Por lo anterior, claro, es imperativo zanjar, de una vez por todas, las intenciones en pro del nepotismo, desatado por lo demás entre los miembros de Acción nacional sobre todo –en otros institutos políticos la tendencia existe pero no a tal grado, con excepción de los verdes, sustento de un pretendido gobierno con visos gregarios inocultables. Insisto: de acuerdo a la definición clásica de Aristóteles, la aristocracia es lo contrario a la democracia. Es indispensable tomarlo en cuenta.

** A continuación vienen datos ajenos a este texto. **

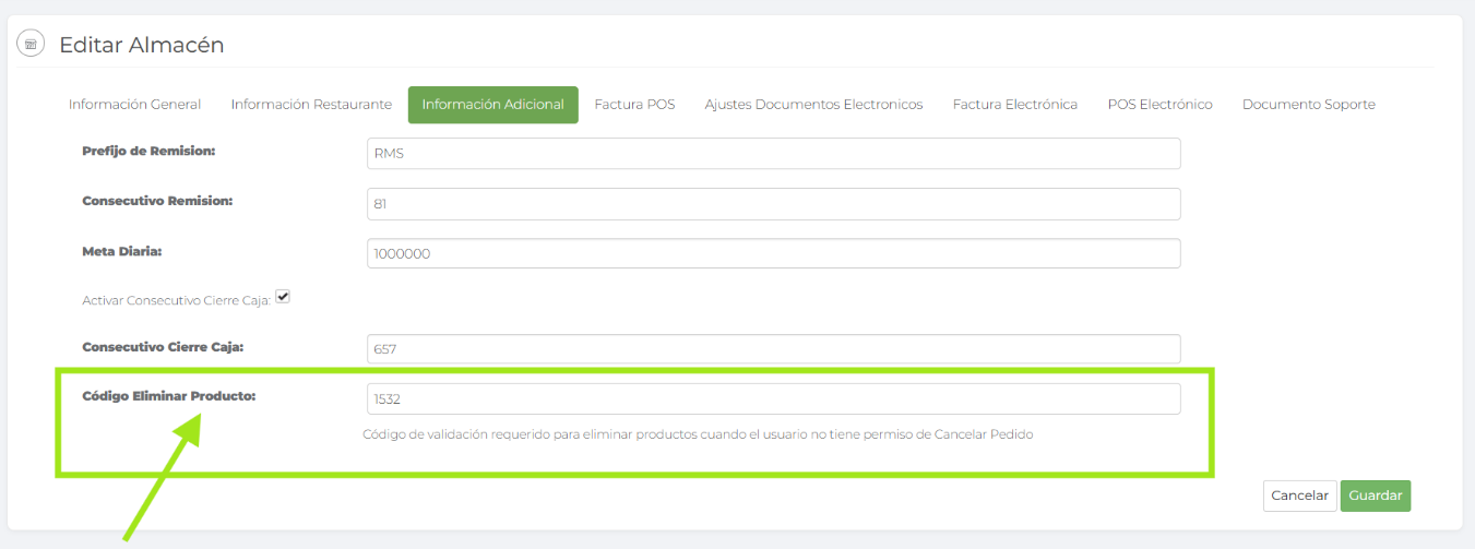 Para esta función es necesario generar un código en configuración de almacenes, el cual, solo podrá visualizar el usuario administrador y cada vez que requiera anular un producto en caja, solicitará el código.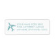 En returadressetikett för roligten med ett turkosflygplan med en perfekt för hjärtcentrum för alla typer av destinationsbröllop, resor, flygtema eller inbjudan till strandbröllop eller spara datumet. Plocka perfekt färg att samordna med din passinbjudan, inbjudan om ombordstigning eller flygplan biljett spara datumen. DESIGN NOTES: Klicka PÅ ANPASSA YTTERLIGARE för att plocka nytt färger för flygplanets fyllning färg och bakgrund. Teckensnitt och färg kan också ändras.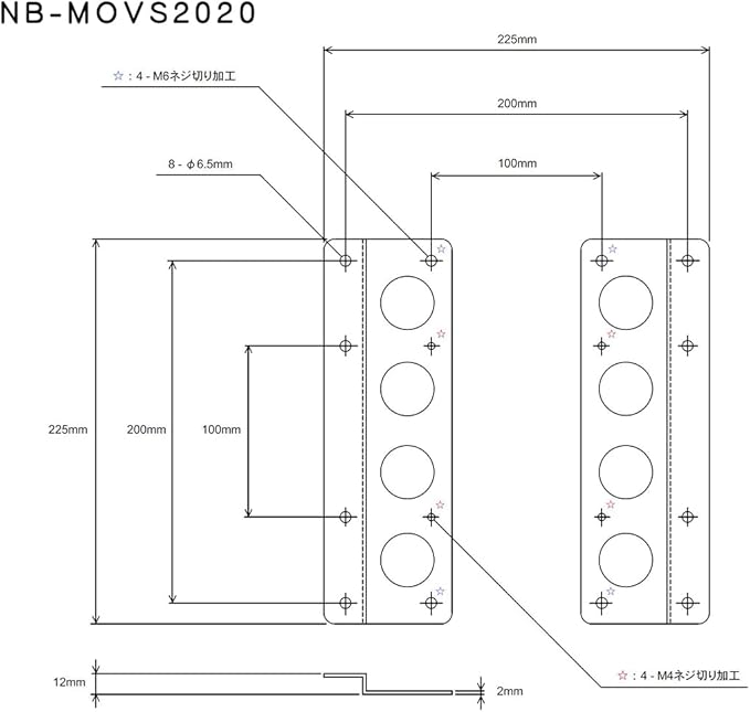 長尾製作所 VESA規格変換プレート モニターアーム スタンド 壁掛け金具等 NB-MOVS2020 黒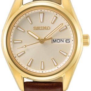 Seiko, renomowana marka zegarków, przedstawia model SUR456P1, który łączy w sobie elegancję oraz wysoką jakość wykonania. Ten damski zegarek charakteryzuje się okrągłą kopertą o średnicy 30 mm, wykonaną z żółtego złota oraz stali szlachetnej, co nadaje mu luksusowego wyglądu. Brązowy, skórzany pasek doskonale komplementuje jasną tarczę, tworząc klasyczny, ale zarazem wyrafinowany design. Szafirowe szkło odporne na zarysowania oraz wodoodporność do 100 m sprawiają, że zegarek jest nie tylko piękny, ale również funkcjonalny i trwały. Seiko SUR456P1 to wybór dla kobiet ceniących trwałość oraz ponadczasową elegancję.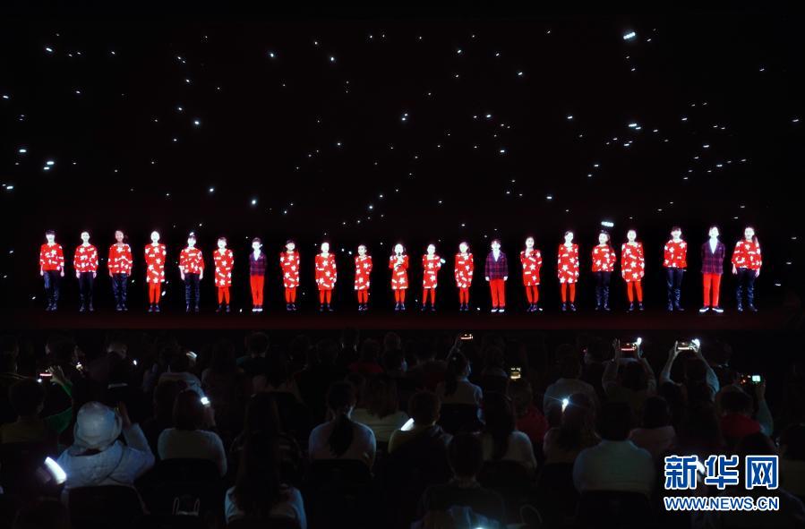 1月5日在發(fā)布會(huì)現(xiàn)場拍攝的意大利安東尼亞諾小合唱團(tuán)的全息演出展示。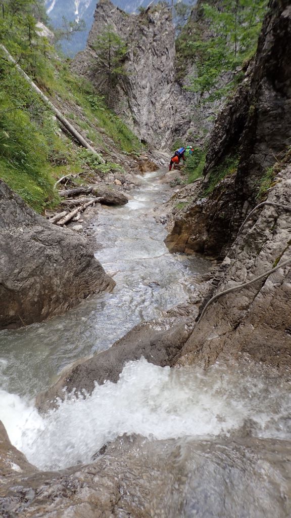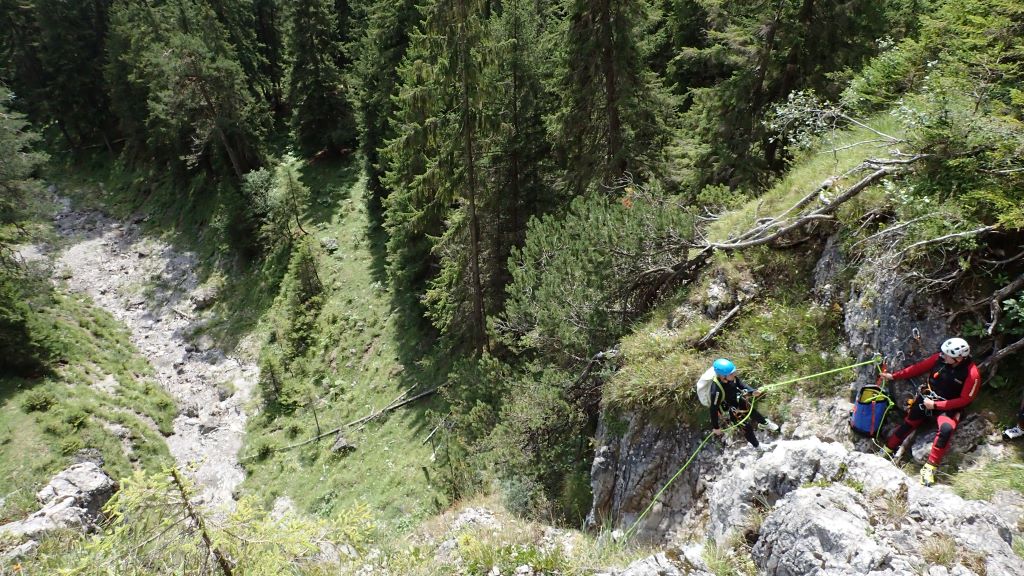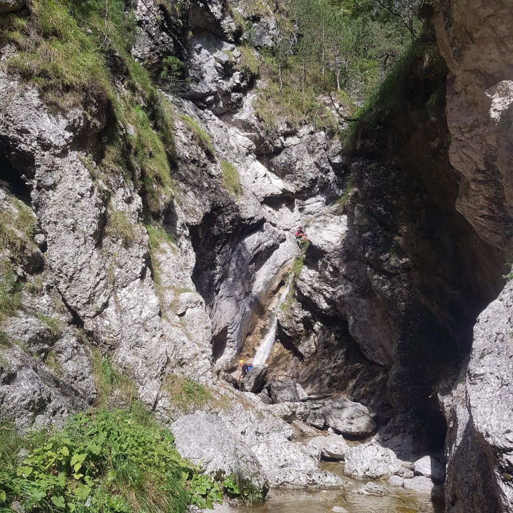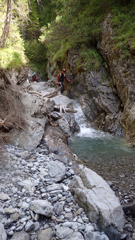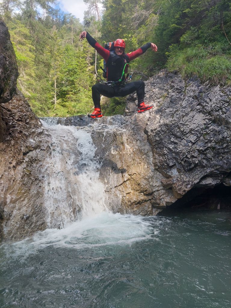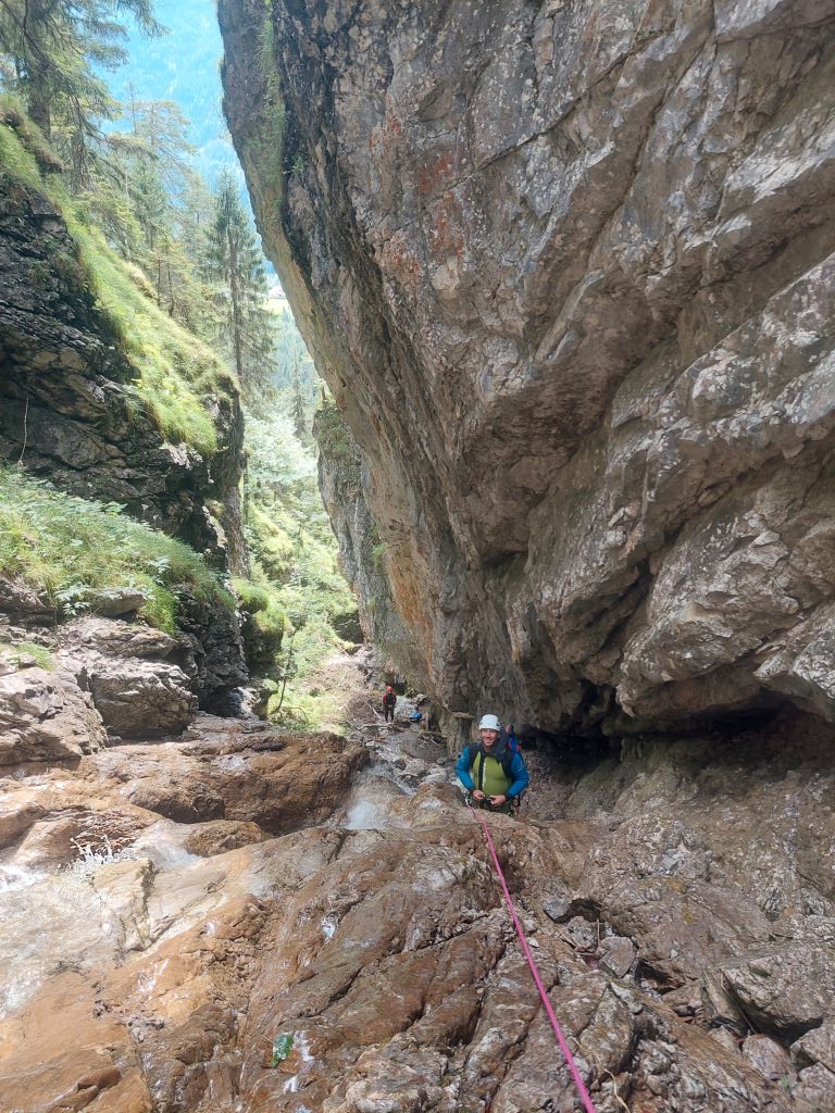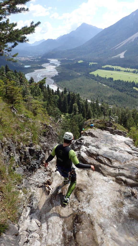 Ganz schön überrascht waren wir am 31Juli, als anstatt der sich angemeldeten 6-7 Personen, doppelt so viele Mitglieder am Treffpunkt Parkplatz Häselgehrbach eintrafen. Gottseidank hatten wir genug Seile eingepackt, so dass wir auch mit der großen Gruppe relativ schnell durch den lohnenswerten Häselgehrbach durchhüpfen konnten. Im Anschluss ging es nach Reutte wo wir neben dem Archbach zu den sehr Touristischen Stuibenfälle zurückgewandert sind. Reutte war auch gleichzeitig der Ausgangspunkt für die nahegelegenen drei Touren; Schwarzenbach, Wiesbach und Sulzlbach. Der letzte der drei genannten Bäche war der schönste und aquatischste. Nach den ersten drei Tagen ging es weiter Richtung Süden ins hintere Lechtal. Dort machten wir den Roßgumpenbach, der auch gleichzeitig das Highlight des Ausflugs war. Da die meisten von uns einen langen Heimweg hatten beschlossen wir am letzten Tag den unteren Teil vom Hochalpbach zu machen. Die Tour wäre sicher auch von weiter oben sehr lohnenswert gewesen. Auch wenn es bei den letzten Ausflügen mit dem Wetter nicht so geklappt hat, hatten wir diesmal richtig viele Sonnenstunden. Danke an die Teilnehmer insbesondere an Stephan und Michael für die gekühlten Radler nach der Tour!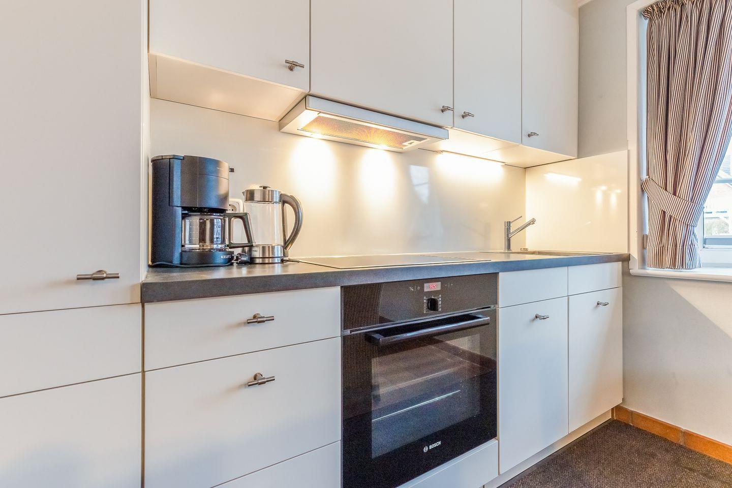 ausgewählte Dekostücke gesetzt. Der offene Wohnbereich unterteilt sich in eine gemütliche "Sofa-Ecke", die im Falle des Falles in auch in eine Schlafmöglichkeit umgewandelt werden kann sowie einen Essbereich, der an die moderne Küchenzeile angrenzt. Schön auch: die kleine Terrasse für den den Absacker am Abend.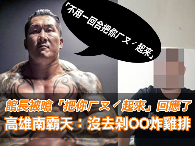一名魏姓男網友自稱是「高雄南霸天」,向成吉思汗健身俱樂部「館長」陳之漢下戰書,「不用一回合把你ㄏㄡˊ起來」。對此,館長今天(18日)凌晨回應,「他是第一個這樣做,讓我連一點點生氣都沒有的人。」魏男則嗆聲,「O我真的沒去雞雞剁下來炸雞排!不要小看太極拳!以柔克剛」、「墨西哥都能踢贏德國了,我打贏館長有不可能嗎?我真他O笑死驗無傷。」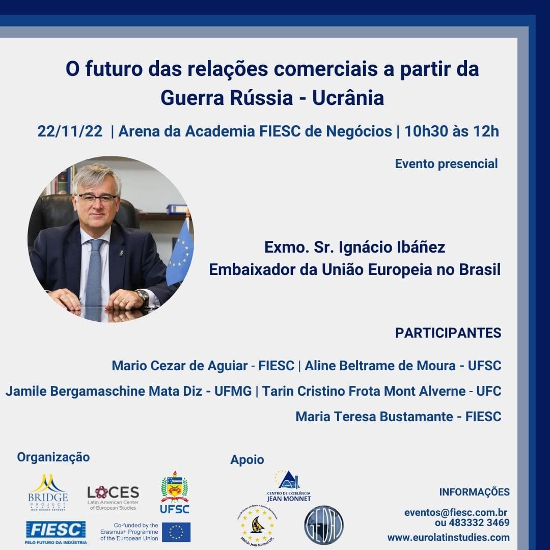 O primeiro encontro ocorrerá às 10h30 na Arena da Academia FIESC de Negócios sobre o “O Futuro das Relações Comerciais a partir da Guerra Rússia-Ucrânia” com a presença do Embaixador da União Europeia no Brasil, Ignacio Ibáñez.
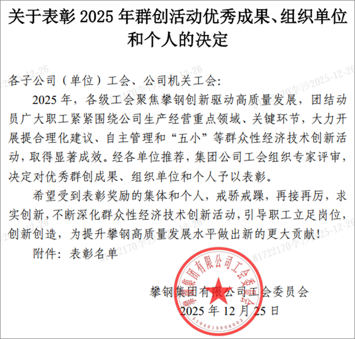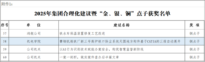 (智能制造学院刘登平)近日,攀钢集团有限公司工会委员会发布2025年群创活动表彰决定,智能制造学院刘登平、张成祥、高文明项目团队凭借一项技术创新成果,荣获2025年集团合理化建议暨“铜”点子奖。该成果为基于CATIA软件二次开发的钣金构件三维自动展开方法,已成功落地应用于攀钢钒炼铁厂新3#高炉铁口除尘系统,不仅高效解决了天圆地方构件生产难题,更为企业降本增效提供了有力支撑,成为集团合理化建议中“技术赋能生产”的典型案例。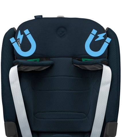 Der 5-Punkt-Sicherheitsgurt verfügt über magische Magnete in den Schulterpolstern, damit der Gurt nicht im Weg ist, wenn du dein Kind in den Sitz setzt.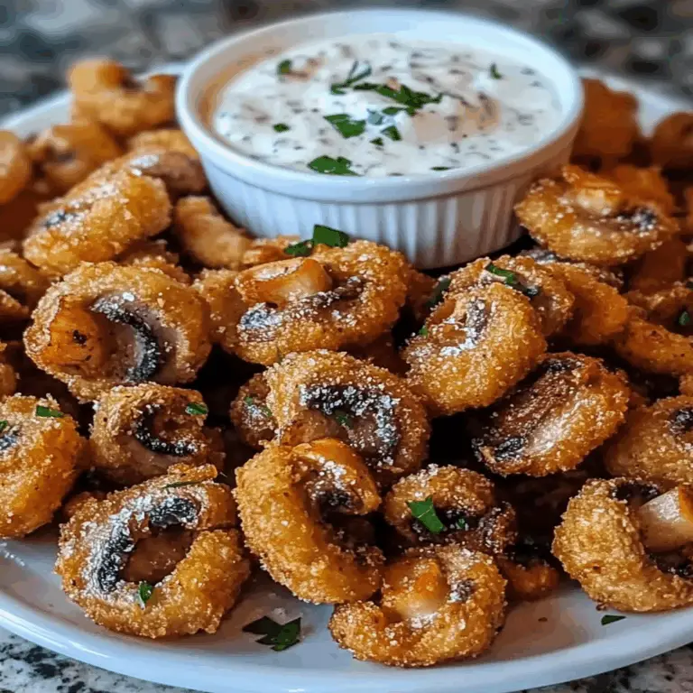 Fried mushrooms with ranch dip are the ultimate crowd-pleasing snack, transforming any gathering into a flavor-packed experience. These crispy, golden-brown mushrooms deliver an earthy richness that pairs perfectly with a creamy, zesty ranch dip. Easy to prepare and deliciously addictive, they make for an ideal appetizer at game nights or cozy movie marathons. Get ready to indulge in a delightful treat that will have everyone coming back for more!
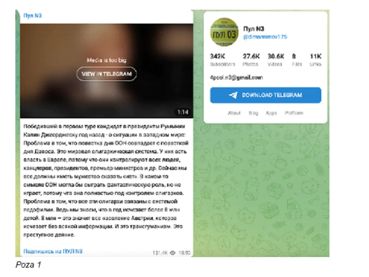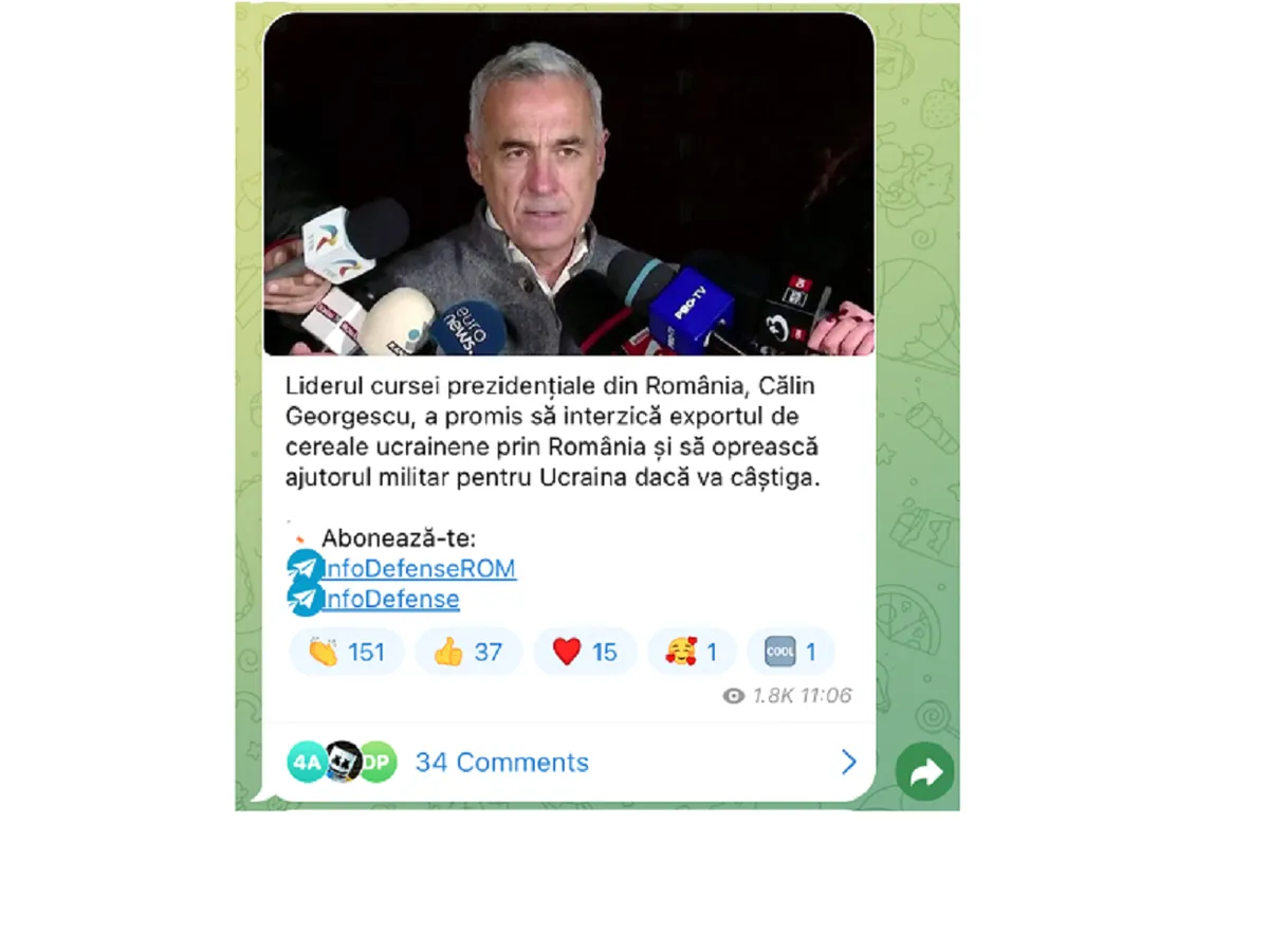 Canalul Telegram Пул N3 din Rusia deține o audiență semnificativă (342.000 urmăritori), mesajul cumulând peste 121.000 vizualizări. Captura redă o porțiune din interviul lui Georgescu din 2023, reiterând aceeași narativă conspiraționistă, de această dată în contextul alegerilor prezidențiale. Sputnik Moldova (media rusească) de asemenea redă mesaje similare, dacă nu identice, propagând tema candidatului „independent”, „suveranist”, „pacifist”, care va pune capăt tuturor conflictelor, cu o Românie, „nici în vest, nici în est”.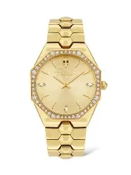 wearability in a 35–36 mm gold-plated stainless steel case. Its minimalist gold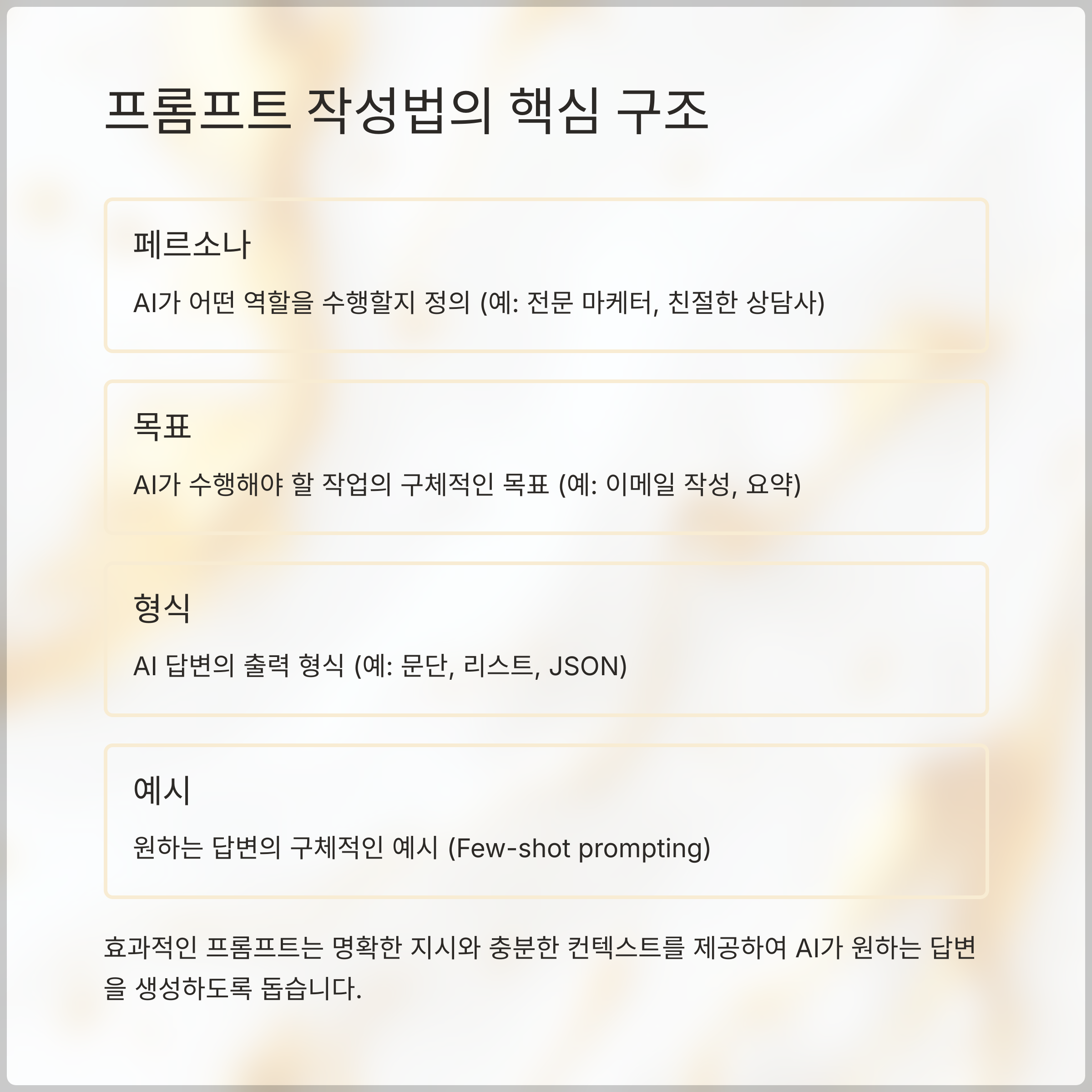 핵심 구조는 크게 페르소나, 목표, 형식, 예시로 나눌 수 있습니다.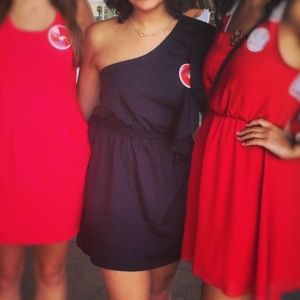 Charming Charlie Black One Shoulder Dress w Ruffle

Sin tantas máscaras de por medio –dos sujetos con las caras cubiertas se proponen como “líderes” de opinión en una nación de grandes simulaciones, es más sencillo desnudar las intenciones.
La Anécdota
Hace unos días, durante un mitin del candidato presidencial de la coalición “Por el Bien de Todos” en San Miguel de Allende, una banda de facinerosos generó quince denuncias por robo. Aprovechando la circunstancia, uno de los candidatos a senadores, miembro del PAN claro, llamó a la radiodifusora legal y expuso:
¿Ya ven ustedes? Obrador es quien trae a los malhechores.
Por supuesto, le contestaron. Una señora del auditorio llamó para expresar su condena:
¿No es la autoridad municipal, de extracción panista, la obligada a garantizar la seguridad en la ciudad, más aun cuando se trata de eventos políticos? Ahora resulta que la negligencia de los funcionarios panistas provee de elementos provocadores al discurso de sus candidatos.
Menos mal que hubo una voz que puso las cosas en su lugar. A ver si mañana no nos dicen promotores del lópezobradorismo por haber cuestionado las burdas maniobras mediáticas de los inmaculados miembros del blanquiazul. Por eso ofrezco ocuparme de las incoherencias de Andrés Manuel en nuestra siguiente entrega.